::: DATA SECTION

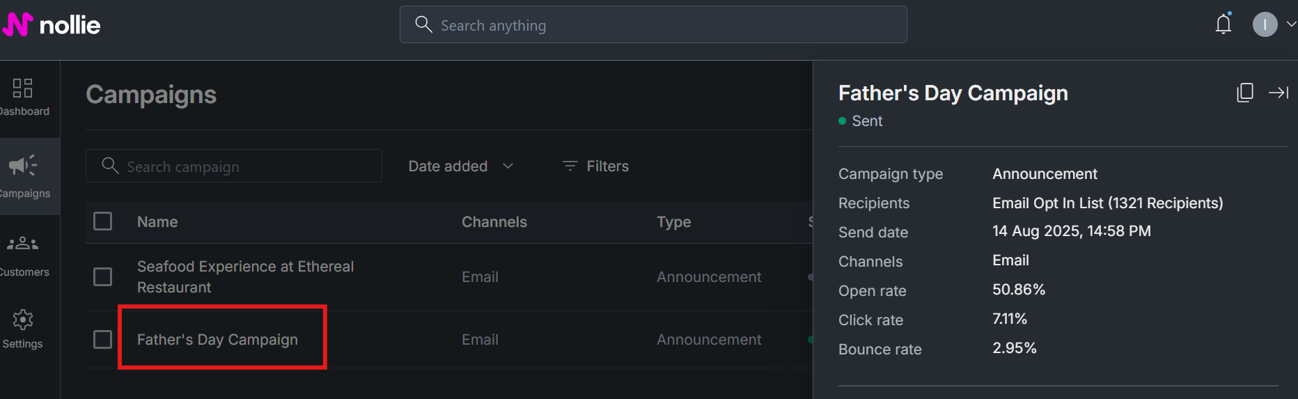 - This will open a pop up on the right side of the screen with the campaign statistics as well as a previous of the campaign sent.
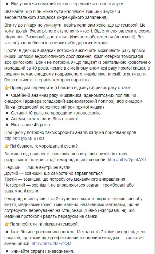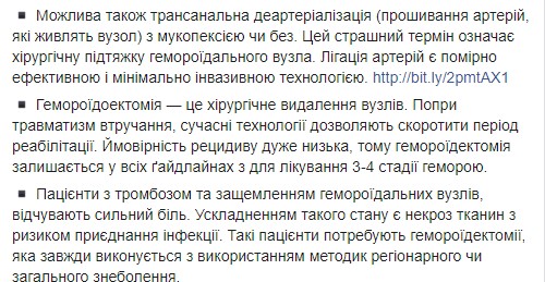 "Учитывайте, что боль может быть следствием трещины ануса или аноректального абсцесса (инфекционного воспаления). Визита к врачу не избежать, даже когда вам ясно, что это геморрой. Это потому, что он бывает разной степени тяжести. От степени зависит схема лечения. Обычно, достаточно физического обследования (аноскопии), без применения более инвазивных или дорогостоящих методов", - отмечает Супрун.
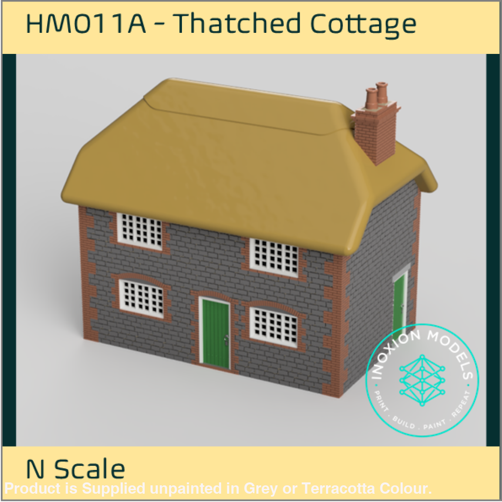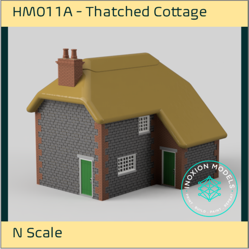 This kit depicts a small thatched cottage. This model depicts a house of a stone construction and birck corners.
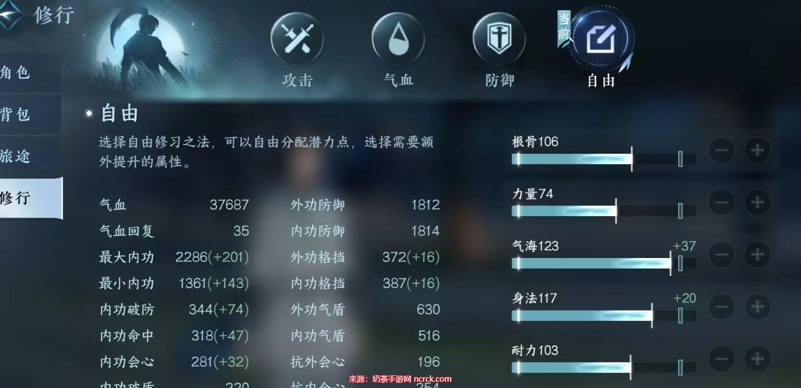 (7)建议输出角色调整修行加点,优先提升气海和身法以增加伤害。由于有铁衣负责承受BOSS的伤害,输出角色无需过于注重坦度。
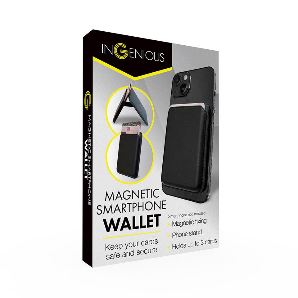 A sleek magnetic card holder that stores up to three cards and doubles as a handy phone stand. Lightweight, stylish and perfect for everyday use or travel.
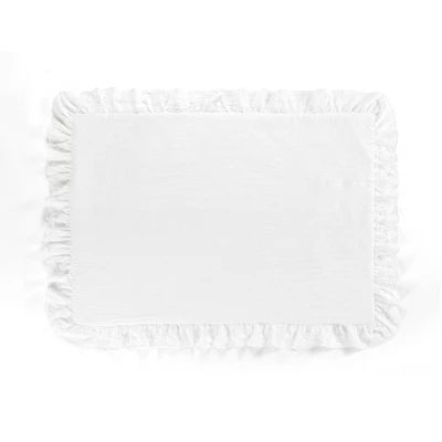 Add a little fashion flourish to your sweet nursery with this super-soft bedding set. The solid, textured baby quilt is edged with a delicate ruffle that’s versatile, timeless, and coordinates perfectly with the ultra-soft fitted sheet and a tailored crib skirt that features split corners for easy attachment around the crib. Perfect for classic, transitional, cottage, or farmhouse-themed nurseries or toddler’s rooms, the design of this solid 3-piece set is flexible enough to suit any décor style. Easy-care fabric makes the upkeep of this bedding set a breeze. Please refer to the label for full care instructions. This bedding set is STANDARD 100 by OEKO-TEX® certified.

::::::
::: DATA SECTION

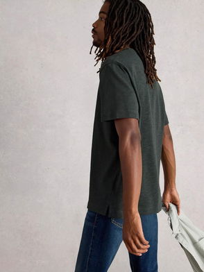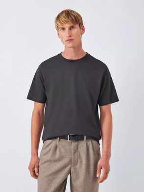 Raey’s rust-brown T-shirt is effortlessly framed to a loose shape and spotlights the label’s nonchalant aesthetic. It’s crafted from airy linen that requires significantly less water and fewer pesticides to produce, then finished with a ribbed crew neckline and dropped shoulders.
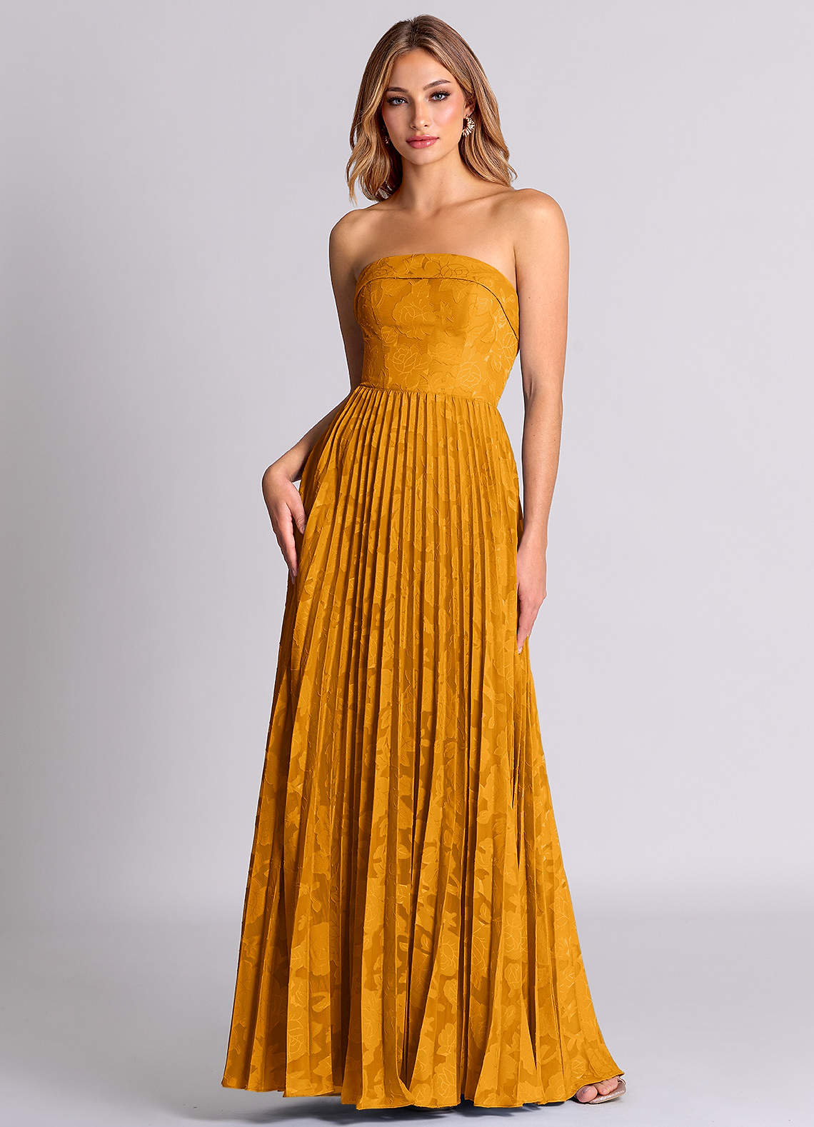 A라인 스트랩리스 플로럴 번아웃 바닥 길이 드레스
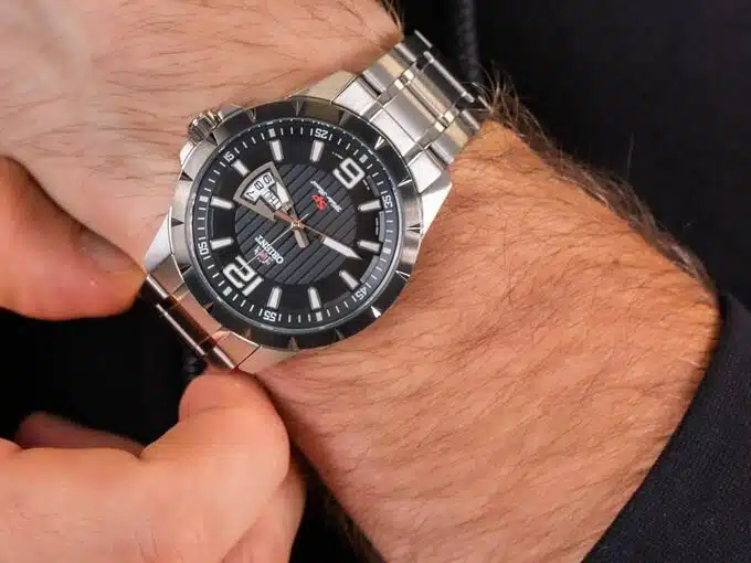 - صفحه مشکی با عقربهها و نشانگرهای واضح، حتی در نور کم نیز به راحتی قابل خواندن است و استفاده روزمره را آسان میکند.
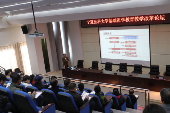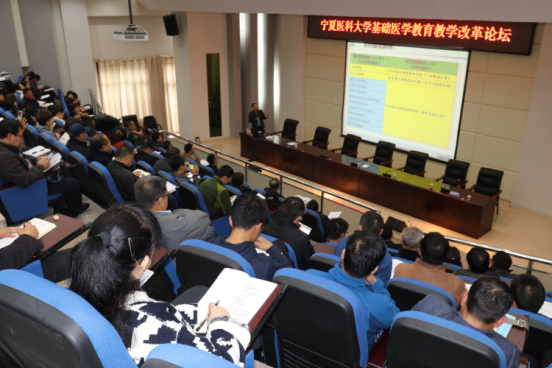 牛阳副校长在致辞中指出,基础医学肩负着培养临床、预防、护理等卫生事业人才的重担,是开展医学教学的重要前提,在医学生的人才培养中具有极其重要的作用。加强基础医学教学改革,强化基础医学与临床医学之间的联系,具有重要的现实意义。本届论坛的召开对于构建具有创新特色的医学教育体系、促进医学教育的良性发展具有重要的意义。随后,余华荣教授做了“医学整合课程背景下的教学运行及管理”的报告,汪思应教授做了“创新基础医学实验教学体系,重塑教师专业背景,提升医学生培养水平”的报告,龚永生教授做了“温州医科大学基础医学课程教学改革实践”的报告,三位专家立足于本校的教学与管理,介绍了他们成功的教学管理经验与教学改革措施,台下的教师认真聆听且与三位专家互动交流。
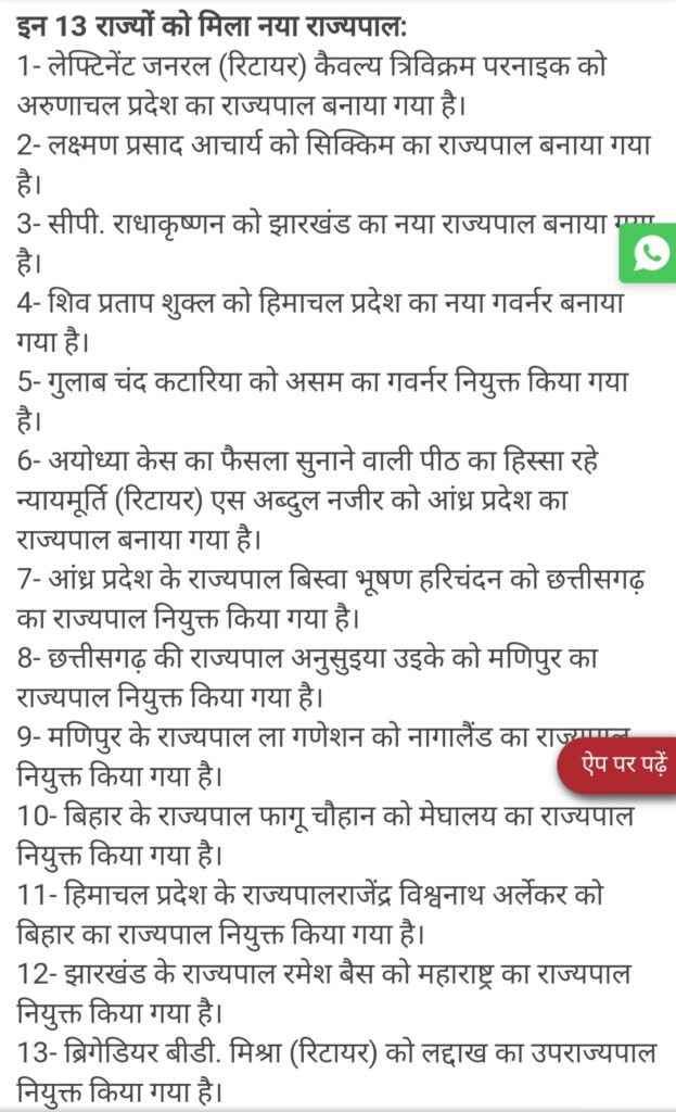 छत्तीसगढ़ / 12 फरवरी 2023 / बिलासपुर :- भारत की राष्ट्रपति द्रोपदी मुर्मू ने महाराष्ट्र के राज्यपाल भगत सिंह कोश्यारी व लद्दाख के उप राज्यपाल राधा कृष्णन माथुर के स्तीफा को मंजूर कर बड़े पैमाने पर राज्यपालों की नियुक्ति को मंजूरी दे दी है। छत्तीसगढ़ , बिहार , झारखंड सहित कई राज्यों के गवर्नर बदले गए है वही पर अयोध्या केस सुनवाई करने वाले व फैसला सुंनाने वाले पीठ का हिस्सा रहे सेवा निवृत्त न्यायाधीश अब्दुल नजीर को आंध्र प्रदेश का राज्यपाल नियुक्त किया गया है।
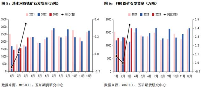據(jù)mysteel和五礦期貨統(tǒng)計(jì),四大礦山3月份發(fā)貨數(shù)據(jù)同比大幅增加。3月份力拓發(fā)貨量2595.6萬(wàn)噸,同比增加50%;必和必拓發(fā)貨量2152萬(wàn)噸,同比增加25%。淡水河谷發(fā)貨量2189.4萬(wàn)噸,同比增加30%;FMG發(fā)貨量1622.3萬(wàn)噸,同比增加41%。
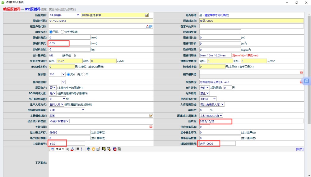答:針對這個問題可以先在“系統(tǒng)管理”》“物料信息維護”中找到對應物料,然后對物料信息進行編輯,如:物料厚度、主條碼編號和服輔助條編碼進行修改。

::::::

Quote word for word only the lines above from the one containing "- This will" through the one containing "A sleek magnetic". Pictures stay out of your copy.

 - This will open a pop up on the right side of the screen with the campaign statistics as well as a previous of the campaign sent.
 "Учитывайте, что боль может быть следствием трещины ануса или аноректального абсцесса (инфекционного воспаления). Визита к врачу не избежать, даже когда вам ясно, что это геморрой. Это потому, что он бывает разной степени тяжести. От степени зависит схема лечения. Обычно, достаточно физического обследования (аноскопии), без применения более инвазивных или дорогостоящих методов", - отмечает Супрун.
 This kit depicts a small thatched cottage. This model depicts a house of a stone construction and birck corners.
 (7)建议输出角色调整修行加点,优先提升气海和身法以增加伤害。由于有铁衣负责承受BOSS的伤害,输出角色无需过于注重坦度。
 A sleek magnetic card holder that stores up to three cards and doubles as a handy phone stand. Lightweight, stylish and perfect for everyday use or travel.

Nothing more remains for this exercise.